I remember the exact day I met Colleen Nick at NCMEC in Alexandria VA.   She was one of two speakers, moms whose children went missing, telling their stories to a class full of Police Chiefs, Captains, and a few 9-1-1 Executive Directors.  The depth of her story penetrated every cell (I KNOW that sounds very dramatic, but it was powerful!).  Colleen’s daughter Morgan was just 6 years old when she was abducted in 1995, born the same year as my then 19-year-old son and stepdaughter.  Morgan was with her mom and some friends watching a local little league game in Alma Arkansas, a population of roughly 3500 when the abduction occurred.  Morgan was in the parking lot and five minutes later she had vanished without a trace.  The two other children she was with said there was a man in a red truck that had creeped them out, little Morgan stopped to pour out the sand in her shoes while the other two continued to walk back to their parents.  As the parking lot cleared, a 9-1-1 call was made and help was sent.  It was at this point in the story that I wondered, what would I do, if I took that call?  What would my staff do?  This was so much bigger than I thought when I signed up for the conference.  I was determined to do more, to educate my staff, to become an NCMEC partner center, I had faith that if a call occurred like that for the PSAP I worked at, we would know exactly what to do to help change the outcome from tragic to a story of a child who got to go home.  Morgan Nick still has not made it home but NCMEC has not given up, and neither has her family (a google search of Colleen Nick will tell you the story in full).

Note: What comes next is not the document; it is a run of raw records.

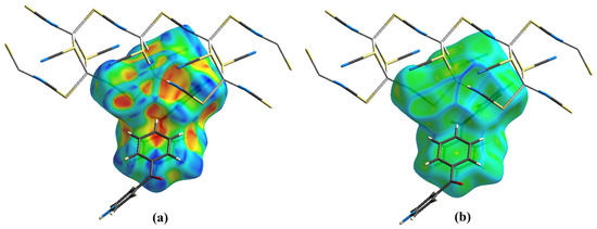 The other weak non-covalent interactions that occurred in complex 2 are shown in Figure 15. The hydrogenic H…H (21.9%), N…H (15.3%), S…H (14.9%) and C…H (14.8%) contacts were the most frequent interactions.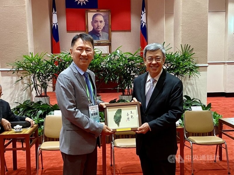 行政院院長陳建仁與世界留臺校友會聯誼總會線任總會長楊儒龍合影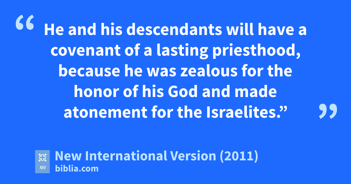 10 The Lord said to Moses, 11 “Phinehas son of Eleazar, the son of Aaron, the priest, has turned my anger away from the Israelites.z Since he was as zealous for my honora among them as I am, I did not put an end to them in my zeal. 12 Therefore tell him I am making my covenant of peaceb with him. 13 He and his descendants will have a covenant of a lasting priesthood,c because he was zealousd for the honore of his God and made atonementf for the Israelites.”g

Founded by John and Reve Walsh after the murder of their son Adam, NCMEC is dedicated to the mission of helping children.  They provide free training for Telecommunicators (and law enforcement), it is extensive, but when you complete the last module, you have learned the statistics of missing children, what to do when you take a call, and who to call.  By the time I attended this training I had 24 years of experience under my belt, but I didn’t know what I didn’t know and what an eye-opener!

The technology that NCMEC uses to find a child, working with DNA, and age progression techniques is ever evolving. They understand the threat facing children today and each person working there has a passion to bring the missing child home.

So much has changed in 14 years and NCMEC has expanded its available training to meet the needs of increased criminal activity involving children.  NCMEC has more information and training on what to do in 9-1-1 and responding law agencies now that includes if a child is the victim of exploitation, trafficking, and the many dangers of cybercrimes involving children.  They provide model policies for PSAPs, and law agencies, which illuminate laws, such as the federal law that requires that a child be entered into the FBI’s National Crime Information Center (NCIC) within 2 hours. NCMEC has full teams for the reduction of child sexual exploitation, leading developments, analyzing attempted abductions, and Amber Alerts, just to name a few of their focuses.  There are full sections on training for parents and children (from young to teens) as well.

After our PSAP because an NCMEC partner, one of the law chiefs told me it didn’t matter, that only the money saved mattered in a consolidation.  Like me when I began the journey, he also didn’t know what he didn’t know and, in the end, he supported the efforts that were made to better serve the public in a time of crisis.  Within your agency, occupation, or career, no matter what it is, when you have a passion that grabs a hold of you, stay the course!  There may be objections and there may not, but when you follow through with a worthy project, you will never regret your decision to do the right thing.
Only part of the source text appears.